An Explanatory Statement pursuant to Section 102 of the Companies Act, 2013 pertaining to the said resolution setting out the material facts and the reasons thereof form part of this Postal Ballot notice (the “ Postal Ballot Notice ”). The Notice will also be placed on the website of the Company at www.spml.co.in and the website of NSDL. The Notice can also be accessed from the website of the Stock Exchanges i.e. BSE Limited (BSE) and National Stock Exchange of India Limited (NSE) at www.bseindia.com and www.nseindia.com respectively.

The Company has appointed Mr. Tumul Maheshwari, Practising Company Secretary (Membership No. 16464) to act as the Scrutinizer for conducting the Postal Ballot in a fair and transparent manner in accordance with the provisions of the Act and the Rules made thereunder.

The Members shall exercise their right to vote on the matters included in the Notice of Postal Ballot by electronic means i.e. through e-voting services provided by NSDL. The e-voting period commences on Friday, 12[th] September, 2025 at 09.00 A.M. IST and ends on Saturday, 11[th] October 2025 at 05.00 P.M. IST. Members are requested to carefully read the instructions given in this Postal Ballot Notice and record their assent (FOR) or dissent (AGAINST) through the remote e-voting process not later than 05.00 P.M. IST on Saturday, 11[th] October 2025. Remote e-voting will be blocked by NSDL immediately thereafter and will not be allowed beyond the said date and time.

The Resolutions shall be deemed to have been passed on Saturday, 11[th] October 2025, being the last date for remote e-voting, if approved by the requisite majority.

SPECIAL BUSINESS

1. Appointment of Mr.
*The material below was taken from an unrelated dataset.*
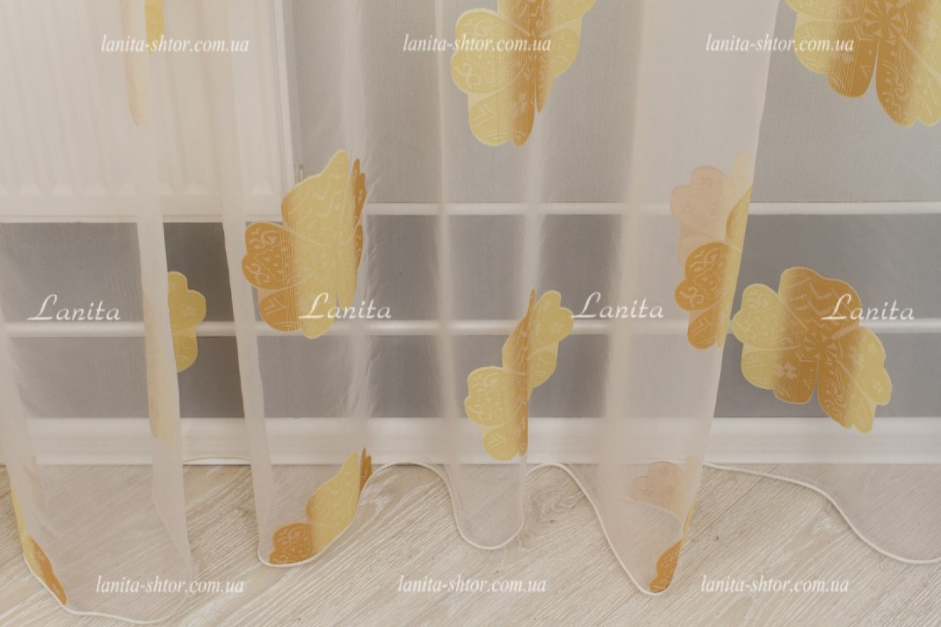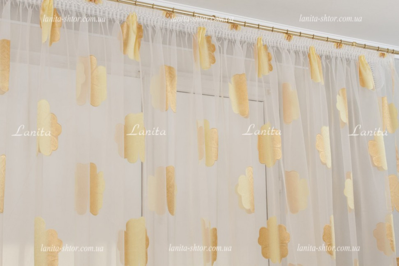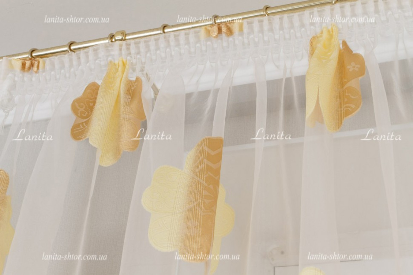 Легкая и воздушная гардина с крупными цветками в золотисто-карамельной расцветке. Тюль создан на основе органзы — легкой, прозрачной ткани с нежным восковым отливом на поверхности. Благодаря своей жесткости, тюль органза образует объемные и формоустойчивые фалды при драпировках. А ее выразительный декор создан путем фактурного вплетения шелковистых волокон в основу, в результате чего получились цветы с рельефной и мягко сияющей поверхностью.

Abhinandan Sethi (DIN: 03576095) as Managing Director of the Company

To consider, and if thought fit, to pass as a SPECIAL RESOLUTION the following:

“RESOLVED THAT pursuant to the provisions of Sections 152, other applicable provisions, if any, of the Companies Act, 2013 (hereinafter referred to as the ‘Act’) read with allied Rules framed thereunder [including any statutory modification(s), amendment(s) or re-enactment(s) thereof, for the time being in force], Regulation 17 of the SEBI (Listing Obligations and Disclosure Requirements) Regulations, 2015, (‘Listing Regulations’) (as amended from time to time) and all other applicable provisions of Listing Regulations, Articles of Association of the Company and based on the approval and recommendations of the Nomination and Remuneration Committee, Audit Committee and the Board of Directors of the Company, the approval of the Members of the Company be and is hereby accorded to appoint Mr. Abhinandan Sethi, (DIN: 03576095) as the Director of the Company with effect from 03rd September, 2025.

(1)

RESOLVED FURTHER THAT pursuant to the provisions of Sections 152, 196, 197, 198, 203 read with Part I and Section I of Part II of Schedule V and other applicable provisions, if any, of the Companies Act, 2013 (hereinafter referred to as the ‘Act’) read with allied Rules framed thereunder [including any statutory modification(s), amendment(s) or reenactment(s) thereof, for the time being in force], applicable provisions Regulation 17 of the SEBI (Listing Obligations and Disclosure Requirements) Regulations, 2015, (‘Listing Regulations’) (as amended from time to time) and all other applicable provisions of Listing Regulations, Articles of Association of the Company and on the approval and recommendations of the Nomination and Remuneration Committee, Audit Committee and the Board of Directors of the Company, consent the approval of the Members of the Company be and is hereby accorded to appoint Mr. Abhinandan Sethi, (DIN: 03576095) as the Managing Director of the Company for the period of 5 (Five) years effective from 03rd September, 2025 to 02nd September, 2030, liable to retire by rotation, upon such terms and conditions as detailed out in the Explanatory Statement annexed hereto with liberty to the Board of Directors to vary, including following remuneration:

Sl. No. Details Rs.(in Crores)
1 Fixed CTC PA 2.00
2 Yearly variable 1% of the Net Proft of the Company for the Financial Year 2025-26, if the
Netproft of Financial Year 2025- 26 is more than Financial Year 2024-25
3 Perquisites and allowances Asper following:
  • a. Club Fees: Maximum of 3 (three) Clubs

  • b. Leave Travel Concession: For self once a year, as per the Company’s rules

  • c. Contribution to Provident Fund, Superannuation Fund, or Annuity Fund to the extent they are not taxable under the Income-tax Act, 1961.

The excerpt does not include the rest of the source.